ENTRIES SUPPLIED START
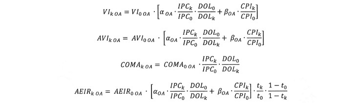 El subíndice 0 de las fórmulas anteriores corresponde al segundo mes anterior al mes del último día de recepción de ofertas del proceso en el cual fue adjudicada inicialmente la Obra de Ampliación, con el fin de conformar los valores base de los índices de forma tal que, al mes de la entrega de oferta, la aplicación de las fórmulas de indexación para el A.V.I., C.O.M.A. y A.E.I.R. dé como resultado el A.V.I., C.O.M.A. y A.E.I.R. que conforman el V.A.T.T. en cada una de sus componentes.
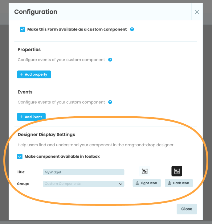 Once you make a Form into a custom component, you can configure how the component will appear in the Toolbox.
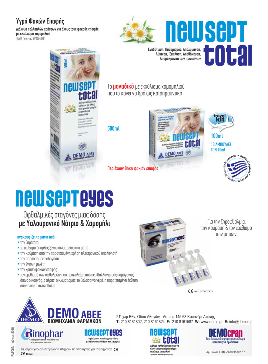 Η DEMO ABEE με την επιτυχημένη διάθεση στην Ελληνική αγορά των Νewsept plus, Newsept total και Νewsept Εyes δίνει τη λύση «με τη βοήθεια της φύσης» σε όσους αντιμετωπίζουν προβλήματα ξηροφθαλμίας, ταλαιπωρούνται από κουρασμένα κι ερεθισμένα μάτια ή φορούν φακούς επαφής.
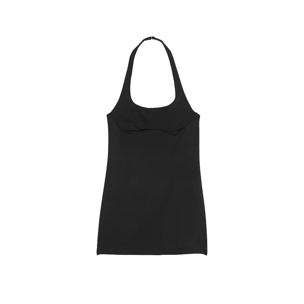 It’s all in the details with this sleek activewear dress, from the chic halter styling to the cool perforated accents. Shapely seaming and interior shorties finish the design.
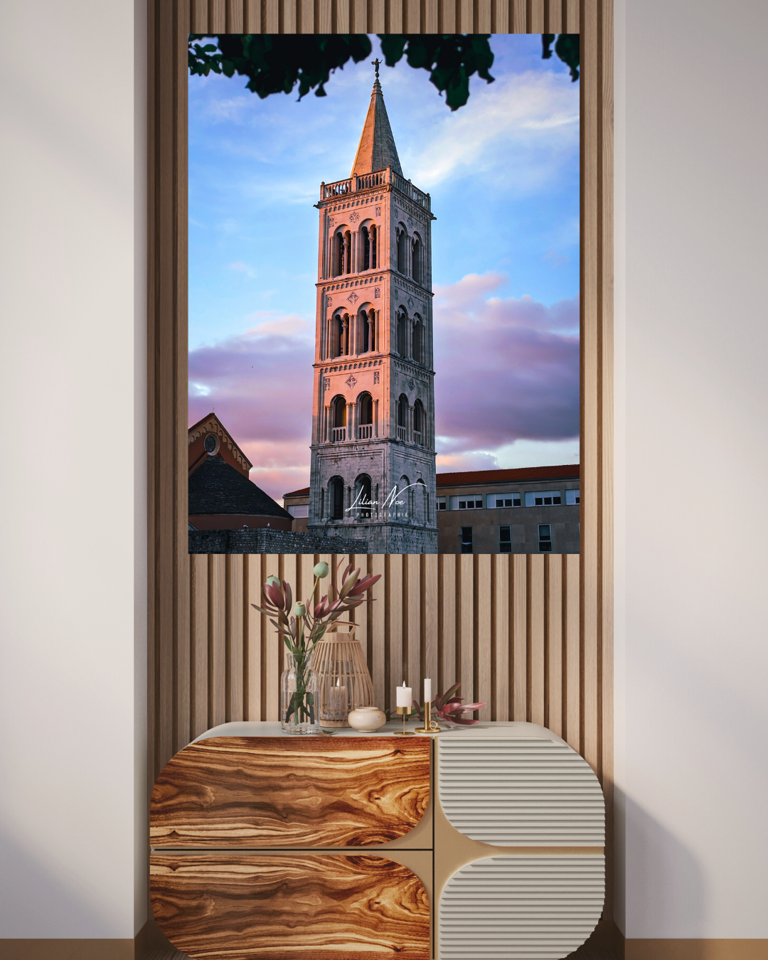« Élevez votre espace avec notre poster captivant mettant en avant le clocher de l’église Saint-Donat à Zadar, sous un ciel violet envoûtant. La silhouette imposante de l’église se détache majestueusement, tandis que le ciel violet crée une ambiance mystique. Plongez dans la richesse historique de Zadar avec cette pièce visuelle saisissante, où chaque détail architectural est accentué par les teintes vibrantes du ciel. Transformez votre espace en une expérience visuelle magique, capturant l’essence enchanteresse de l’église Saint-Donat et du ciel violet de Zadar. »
ENTRIES SUPPLIED END
ENTRIES SUPPLIED START
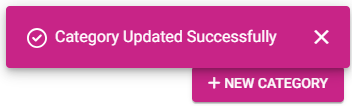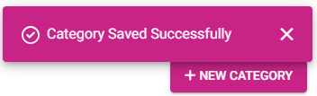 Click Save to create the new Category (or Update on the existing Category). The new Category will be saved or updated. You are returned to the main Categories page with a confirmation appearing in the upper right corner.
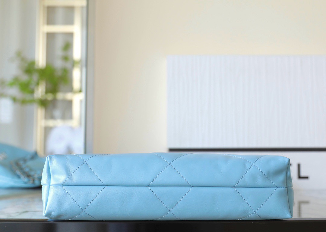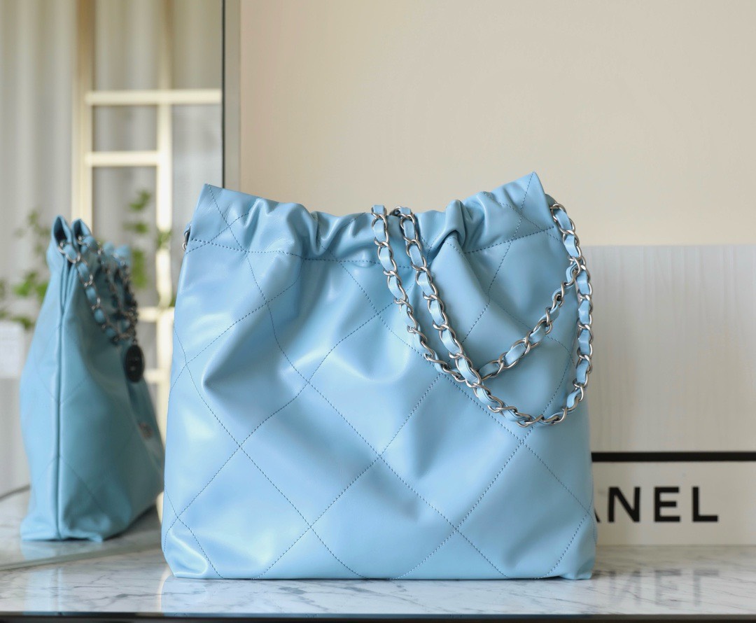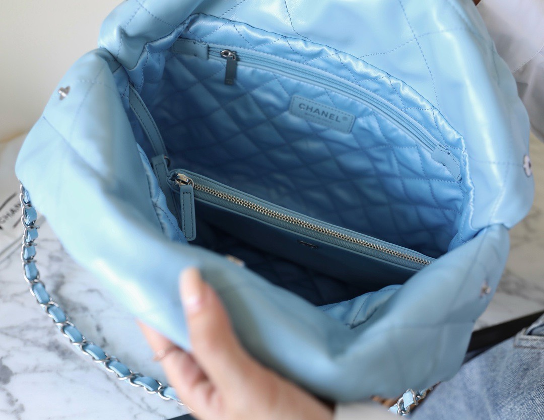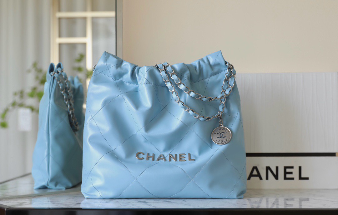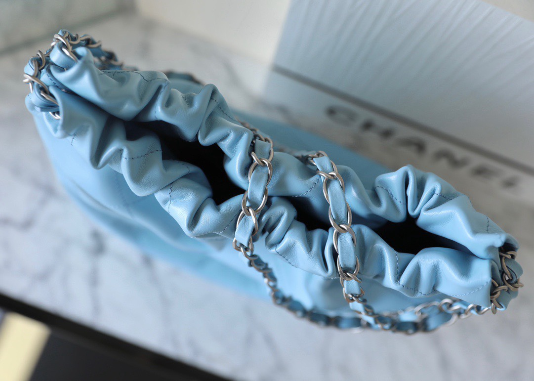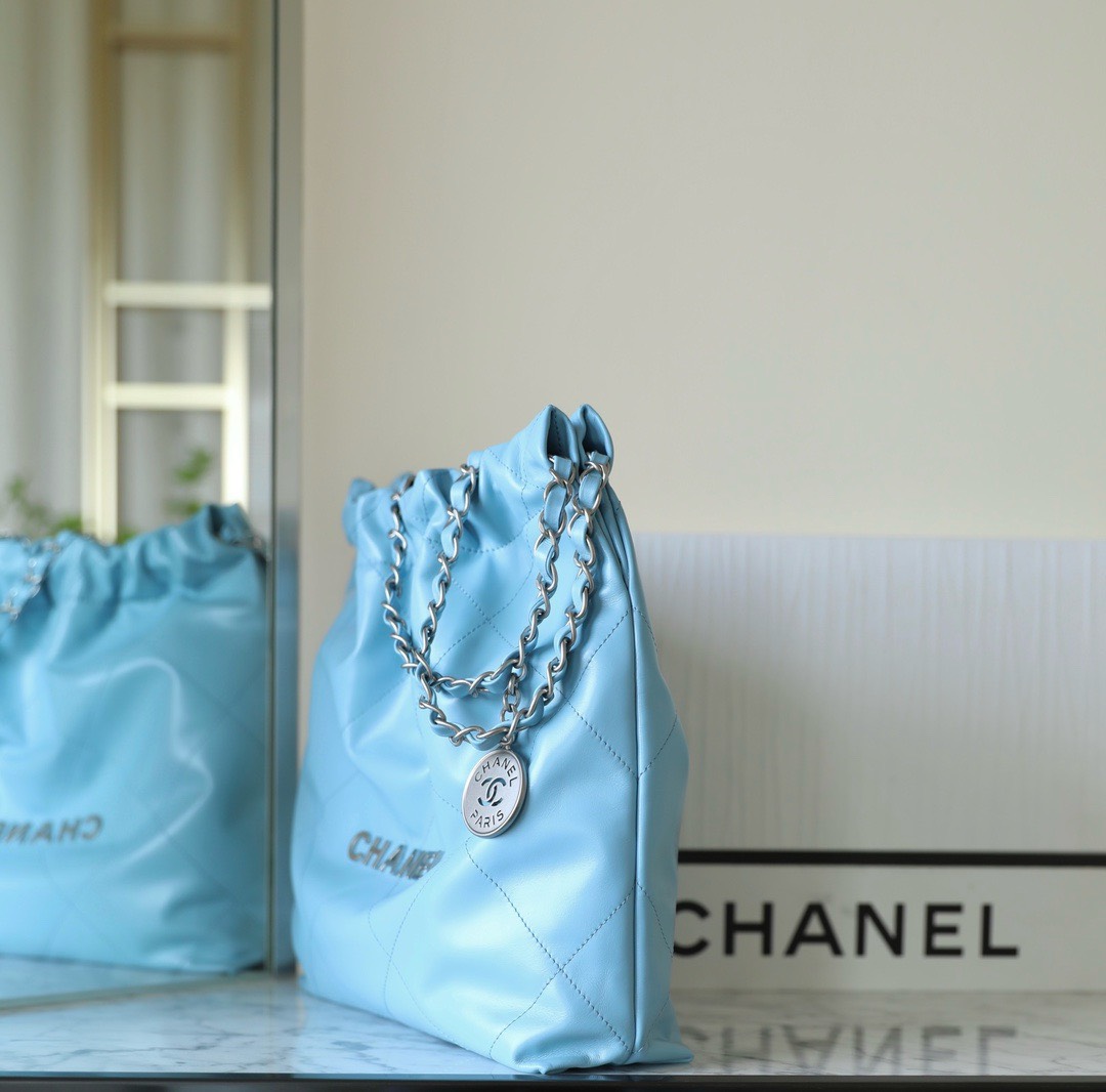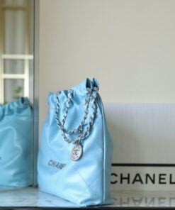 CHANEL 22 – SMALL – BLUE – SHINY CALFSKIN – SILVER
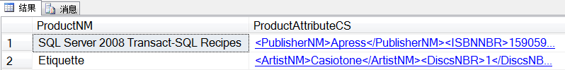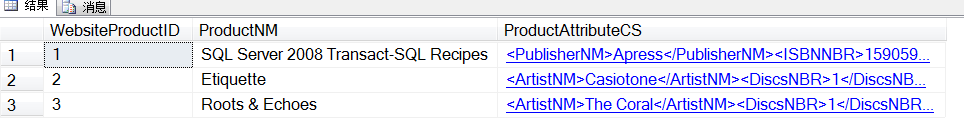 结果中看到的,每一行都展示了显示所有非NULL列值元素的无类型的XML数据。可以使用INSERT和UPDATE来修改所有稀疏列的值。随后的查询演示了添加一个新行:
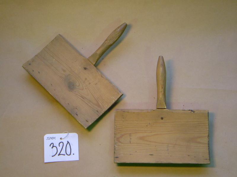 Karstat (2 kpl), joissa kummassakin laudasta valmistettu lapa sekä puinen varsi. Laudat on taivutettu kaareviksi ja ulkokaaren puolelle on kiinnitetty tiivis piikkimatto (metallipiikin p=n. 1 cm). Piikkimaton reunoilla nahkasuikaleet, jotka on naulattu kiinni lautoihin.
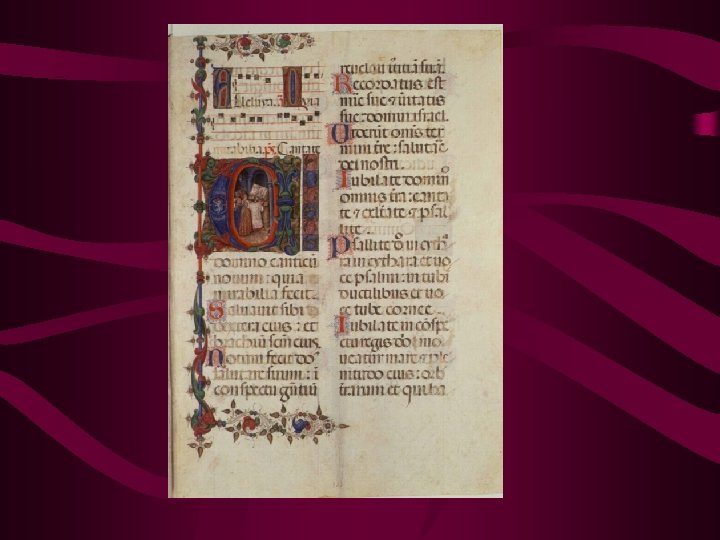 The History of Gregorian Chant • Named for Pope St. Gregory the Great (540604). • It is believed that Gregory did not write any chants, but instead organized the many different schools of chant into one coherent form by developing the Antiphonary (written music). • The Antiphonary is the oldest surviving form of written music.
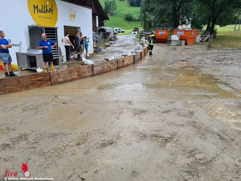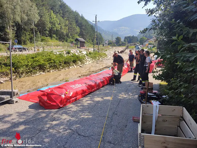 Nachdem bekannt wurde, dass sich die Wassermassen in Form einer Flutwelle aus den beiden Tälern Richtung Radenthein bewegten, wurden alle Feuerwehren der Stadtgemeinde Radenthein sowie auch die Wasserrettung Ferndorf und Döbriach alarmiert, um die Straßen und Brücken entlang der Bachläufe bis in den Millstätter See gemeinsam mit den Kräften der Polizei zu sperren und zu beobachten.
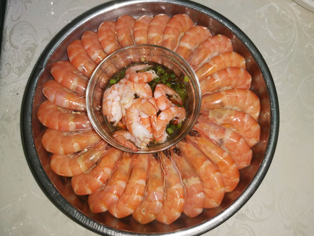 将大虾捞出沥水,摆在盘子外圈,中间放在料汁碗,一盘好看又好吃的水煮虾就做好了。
ENTRIES SUPPLIED END
ENTRIES SUPPLIED START
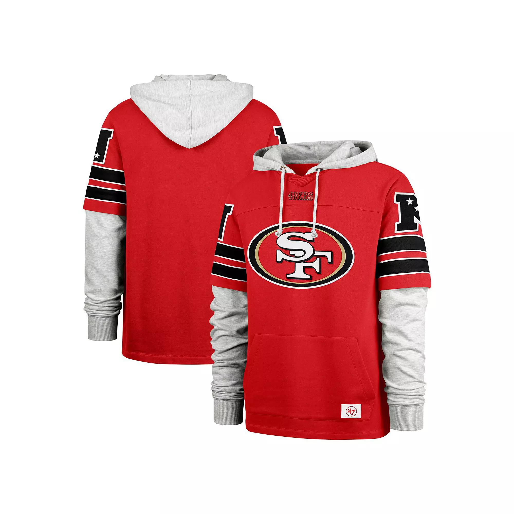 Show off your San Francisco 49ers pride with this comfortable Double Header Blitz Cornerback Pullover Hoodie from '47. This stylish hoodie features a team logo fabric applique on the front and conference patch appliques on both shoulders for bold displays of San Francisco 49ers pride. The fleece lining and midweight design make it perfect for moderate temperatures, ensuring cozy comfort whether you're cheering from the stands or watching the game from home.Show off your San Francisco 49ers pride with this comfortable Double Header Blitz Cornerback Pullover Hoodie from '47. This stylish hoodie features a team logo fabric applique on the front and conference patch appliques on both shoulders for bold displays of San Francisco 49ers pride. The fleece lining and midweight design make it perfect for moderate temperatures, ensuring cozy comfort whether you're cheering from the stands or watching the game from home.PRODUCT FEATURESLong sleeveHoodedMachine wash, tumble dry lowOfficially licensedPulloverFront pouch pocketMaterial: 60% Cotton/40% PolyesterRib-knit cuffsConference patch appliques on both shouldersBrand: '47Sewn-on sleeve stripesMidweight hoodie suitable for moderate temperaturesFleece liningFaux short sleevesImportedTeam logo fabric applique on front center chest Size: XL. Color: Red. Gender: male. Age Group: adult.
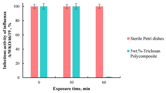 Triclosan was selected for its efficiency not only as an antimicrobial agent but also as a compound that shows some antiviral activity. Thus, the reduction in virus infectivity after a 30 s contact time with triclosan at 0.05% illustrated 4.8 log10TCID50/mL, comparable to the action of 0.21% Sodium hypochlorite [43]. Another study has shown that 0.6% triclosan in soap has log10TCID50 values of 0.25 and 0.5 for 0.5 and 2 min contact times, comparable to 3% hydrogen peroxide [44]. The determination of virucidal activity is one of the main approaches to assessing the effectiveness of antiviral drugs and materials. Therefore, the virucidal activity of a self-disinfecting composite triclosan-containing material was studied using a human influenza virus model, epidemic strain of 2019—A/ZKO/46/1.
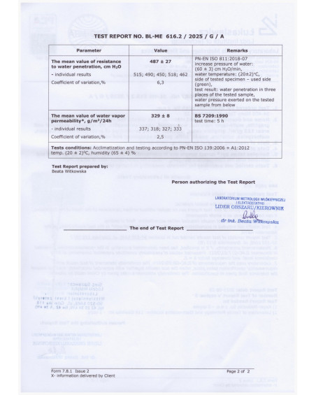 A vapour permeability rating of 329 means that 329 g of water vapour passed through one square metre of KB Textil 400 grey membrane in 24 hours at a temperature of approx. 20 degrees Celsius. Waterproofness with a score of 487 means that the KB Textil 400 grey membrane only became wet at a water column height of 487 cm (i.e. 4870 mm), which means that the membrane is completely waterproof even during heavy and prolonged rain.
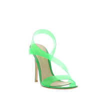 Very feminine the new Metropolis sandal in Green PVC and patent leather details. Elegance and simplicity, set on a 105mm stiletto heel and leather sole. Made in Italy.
ENTRIES SUPPLIED END
ABOUT THIS EXERCISE: Transcribe the lines above exactly, beginning at the one with "Η DEMO ABEE" and ending at the one with "Élevez votre espace". Include both; exclude the pictures.

FINISHED TASK:
 Η DEMO ABEE με την επιτυχημένη διάθεση στην Ελληνική αγορά των Νewsept plus, Newsept total και Νewsept Εyes δίνει τη λύση «με τη βοήθεια της φύσης» σε όσους αντιμετωπίζουν προβλήματα ξηροφθαλμίας, ταλαιπωρούνται από κουρασμένα κι ερεθισμένα μάτια ή φορούν φακούς επαφής.
 It’s all in the details with this sleek activewear dress, from the chic halter styling to the cool perforated accents. Shapely seaming and interior shorties finish the design.
« Élevez votre espace avec notre poster captivant mettant en avant le clocher de l’église Saint-Donat à Zadar, sous un ciel violet envoûtant. La silhouette imposante de l’église se détache majestueusement, tandis que le ciel violet crée une ambiance mystique. Plongez dans la richesse historique de Zadar avec cette pièce visuelle saisissante, où chaque détail architectural est accentué par les teintes vibrantes du ciel. Transformez votre espace en une expérience visuelle magique, capturant l’essence enchanteresse de l’église Saint-Donat et du ciel violet de Zadar. »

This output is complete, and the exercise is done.